# Safcider yeast.



## Dave70 (11/3/15)

Just wondering if anybody has used this yeast and what you thought. 
If so, what temps did you ferment at?


----------



## wareemba (12/3/15)

hey mate, just put down 5 gallons of apple juice (Costco) with 10g of safcider500 and it took a few days (at 21-22'C) to get going but was a in a bubbling freenzy for a few days... now it has settled down and i am going to check gravity soon...

(sorry that's all i got)


----------



## manticle (12/3/15)

Never heard of it. Happily give it a shot though.


----------



## Dave70 (13/3/15)

wareemba said:


> hey mate, just put down 5 gallons of apple juice (Costco) with 10g of safcider500 and it took a few days (at 21-22'C) to get going but was a in a bubbling freenzy for a few days... now it has settled down and i am going to check gravity soon...
> 
> (sorry that's all i got)


I'd never heard of it either until I asked my LHBS man about the availability of some EC-1118 and he suggested giving it a whirl. 'Appely' seem to be the description of the final product rather than being overly dry. 
Probably going to go at about 17 to 18 deg and a long time in the fermenter just cos I've had good results in the past, or at least no fusels in otherwise high ABV cider.
Who knows, if it delivers on the 'appely', could render millions of back sweetening posts redundant overnight..

More blurb.

http://www.fermentis.com/wp-content/uploads/2012/06/FT-SafciderEN.pdf


----------



## wareemba (13/3/15)

yeah,

my EC-1118 stuff has been described as "winey" so trying this to get more "cidery"


----------



## Dave70 (13/3/15)

As an aside, I'll be tapping off a few liters, ramping up with sugar,employing my Neverfail jugs and having a crack at some applejack. 
Basically the cider equivalent to eisbock with several freezing and draining stages as far as I can discern. 
Supposedly gets it up in the mid 30s ABV wise. So 'pissy'. We'll see.


----------



## technobabble66 (13/3/15)

Dave70 said:


> ...
> Who knows, if it delivers on the 'appely', could render millions of back sweetening posts redundant overnight..
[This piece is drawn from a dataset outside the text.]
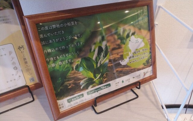 オープンチラシには、『安心と安全を食卓に!毎日食べたくなる美味しいお惣菜を皆さまヘ!』と書いてあります。野菜はなるべく地元契約農家さんから仕入れるよう努力されてるようです。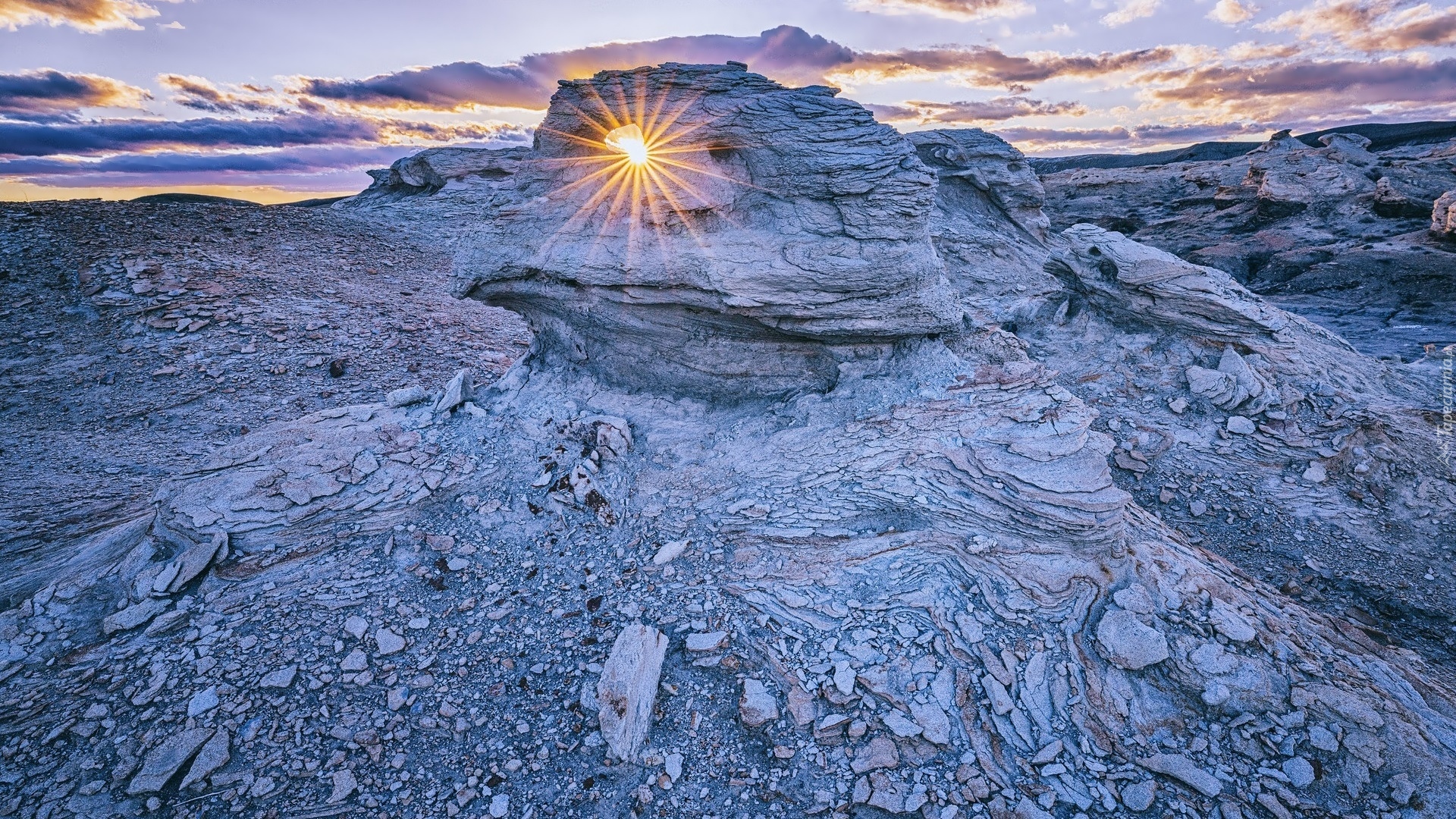 Edytor tapety: Szczyt Factory Butte i promienie słońca

Aah, but would it work in a Ginger beer??

Actually I *am* kinda curious what it would do in a GB...


----------



## Dave70 (13/3/15)

Well they say of it 'very good assimilation of fructose', what ever that will mean. If it means it plays nice with monosaccharides by leaving a little sweetness and flavor behind perhaps you could produce a ginger beer containing HFCS.
Sounds delish..


----------



## technobabble66 (13/3/15)

I'd actually suggest the opposite. I'd suspect "assimilation" means it happily chews it like other monosaccharides (& without leaving any winery/cidery/pissy flavours). 
Good to find out which...
Pity they don't explain a little more clearly. Surely it wouldn't take too many more words to do so. Do pixels cost a lot these days or something?


----------



## jphowman (13/3/15)

I've just completed a ferment with this yeast. It took my 1.047 must down to 0.999.
The cider is made from the gravensteins from my backyard.

This is my first cider for a long time so I can't really offer any comparisons but it behaved well, fermented fast and has cleared out well enough. The aroma puts me in that mind of a cider, but I'm not sure how 'winey' a wine yeast would make the aroma.
The cider itself need some work before it is drinkable but that's not related to the yeast.

I'd probably use it again.


----------



## wareemba (17/4/15)

wareemba said:


> hey mate, just put down 5 gallons of apple juice (Costco) with 10g of safcider500 and it took a few days (at 21-22'C) to get going but was a in a bubbling freenzy for a few days... now it has settled down and i am going to check gravity soon...


just knocked to top of the first of this batch and has great carbonation and a more fuller & less appley taste compared to the EC-1118 i used with the same juice.


----------



## Tjapalyi (4/8/17)

I tried making cider for the first time just recently using this yeast (around 8 grams) and about 2 gallons of store bought organic apple juice. It was definitely preservative free and pasteurised. The temperature read between 20 and 22 degrees celsius for over two weeks. I don't know if I made a fatal error somewhere during the process but I didn't get any action whatsoever. I sterilised using phosphoric acid for steriliser and chlorinated trisodium phosphate for cleanser and final steriliser. The juice was room temperature when I pitched the yeast but to no avail. Any clues? I will try again with the same yeast and a slightly larger batch of juice. Any help would be great.


----------



## Airgead (4/8/17)

If you sanitised with phosphoric acid (I'm assuming something like starsan rather than neat phosphoric acid) why then do another sanitise with the trisodium phosphate? Acid based sanitisers like starsan are regarded as no rinse while tsp isn't. 

Did you definitely get no activity? Cider generally doesn;t throw a head during fermentation like beer does and it can look like it's not doing anything. Have you done a gravity measurement?


----------